As she resumes glowering out the window, however, his gloved hand closes around hers where it rests in her lap. "Thank you for seeing me off to the station." He chafes her knuckles with his thumb--but his gaze still does not waver from the newspaper.
"Why?" Mary pulls her hand from his grasp, busying her hands with a feigned search through the contents of her handbag. "You have your newspaper for company. There's hardly a point to my being here at all."
In fact they've hardly spoken since leaving Haxby the previous evening, the awkward end Richard made to their passionate exchange in the hall having a rather stifling effect on further conversation, as well. And yet the dialogue in Mary's own mind had not ceased all through the night; she'd lain in bed feeling as though the red papered walls of her room were closing in on her, at once longing for the bright openness of Haxby and castigating herself for doing so, and for her naïveté in believing Richard capable of sustaining the gallantry he'd exhibited over the weekend in the long term. He'd asked her to give the house another chapter, not a three-volume novel.

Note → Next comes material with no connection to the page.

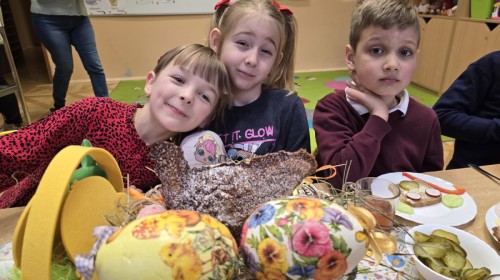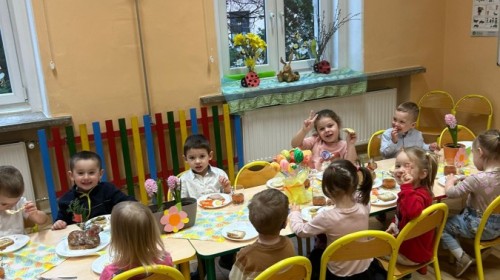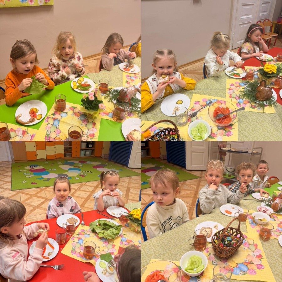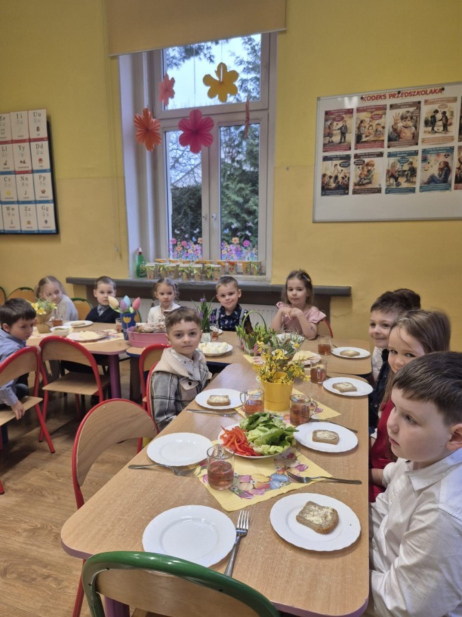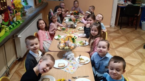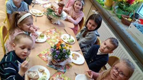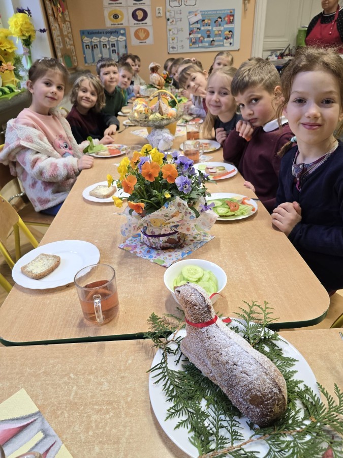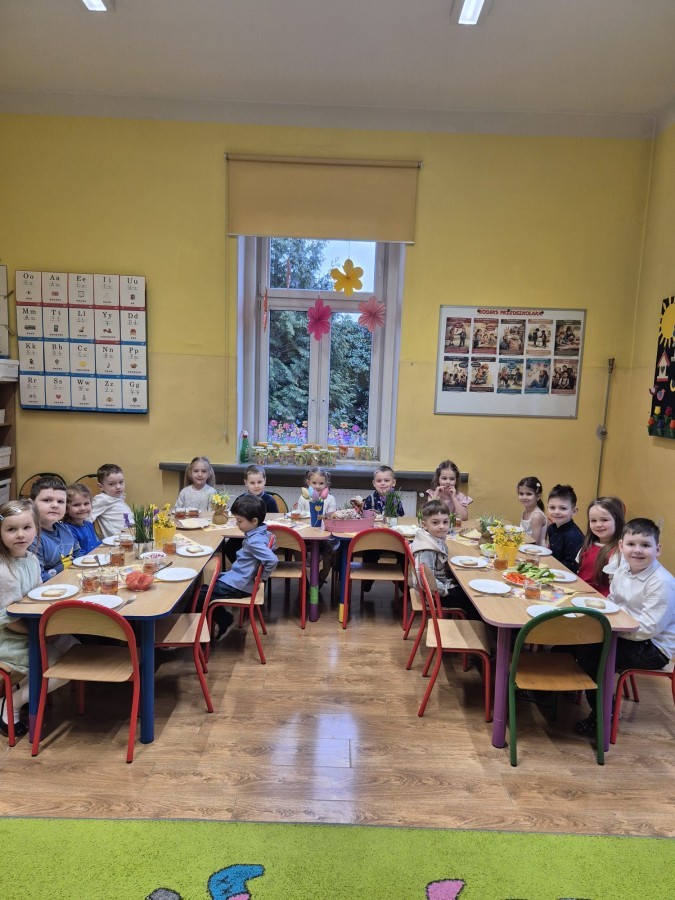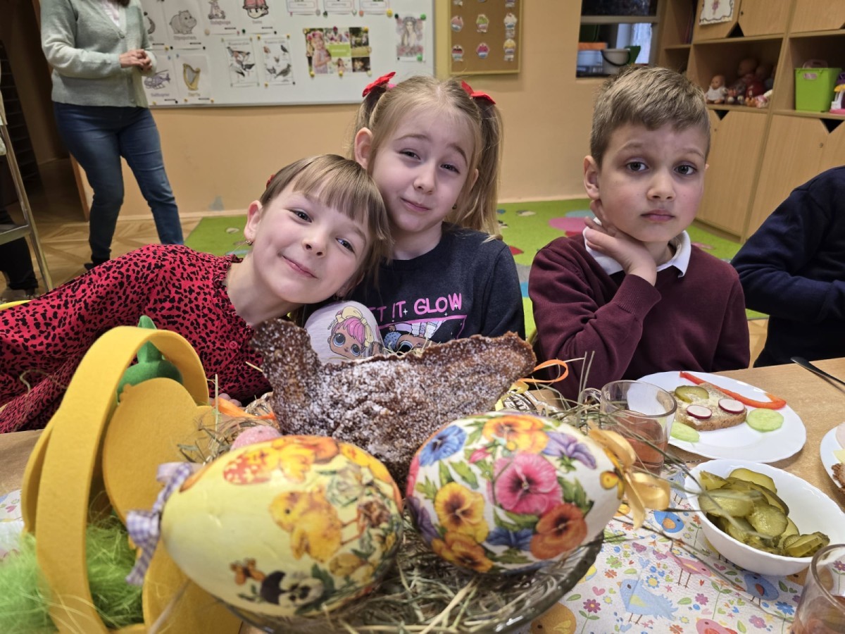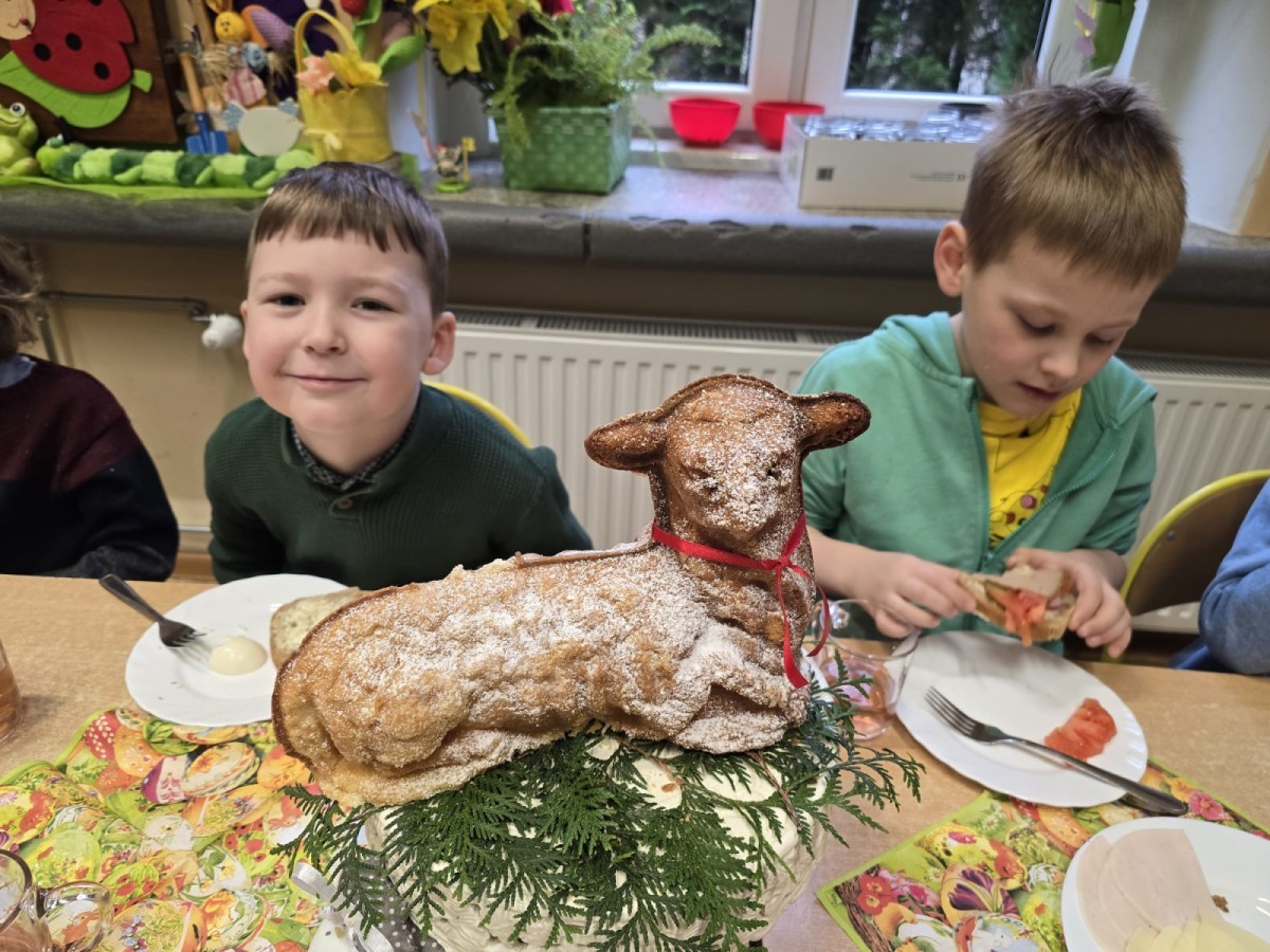 W piątek w naszym przedszkolu odbyło się uroczyste Śniadanie Wielkanocne. Dzieci zasiadły przy pięknie udekorowanych stołach, na których nie zabrakło tradycyjnych wielkanocnych potraw, kolorowych pisanek oraz wiosennych ozdób. Dzień wcześniej każda grupa przygotowywała wielkanocnego baranka, zajączka i kurkę– wielkanocne wypieki dzieci wykonały razem z naszą kochaną panią Agatką. Podczas śniadania dzieci miały okazję wspólnie spędzić czas, porozmawiać o tradycjach wielkanocnych oraz skosztować przygotowanych przysmaków. Po śniadaniu były poszukiwania wielkanocnego zajączka, który zostawił dla wszystkich piękne upominki:) Było dużo śmiechu, radości i pozytywnych emocji:)

And apparently isn't as keen as she for that chapter to include a bit of sex.
"It's Monday morning," the smooth rake of Richard's tones draws her out of her brooding. "Business hours. And I'd be careful how I spoke about my newspaper, if I were you," he adds, a hard coldness creeping into his voice which matches the colour of his eyes as they scan the words printed across the page. "Remember, it has the power to give you a life."
Or to destroy it, Mary thinks, but Richard looks at her, at last, and smiles. Not a twisted smirk, as his words might have indicated, but a gentle curve of his lips, his eyes crinkling at the corners and reflecting the golden glint of the morning sun diffused by the window and the lingering fog. For a moment she studies him, then snaps her handbag shut and directs her attention outside once more in her best impression of the aloof aristocrat, lest he see that she cannot read him and have that advantage over her, as well.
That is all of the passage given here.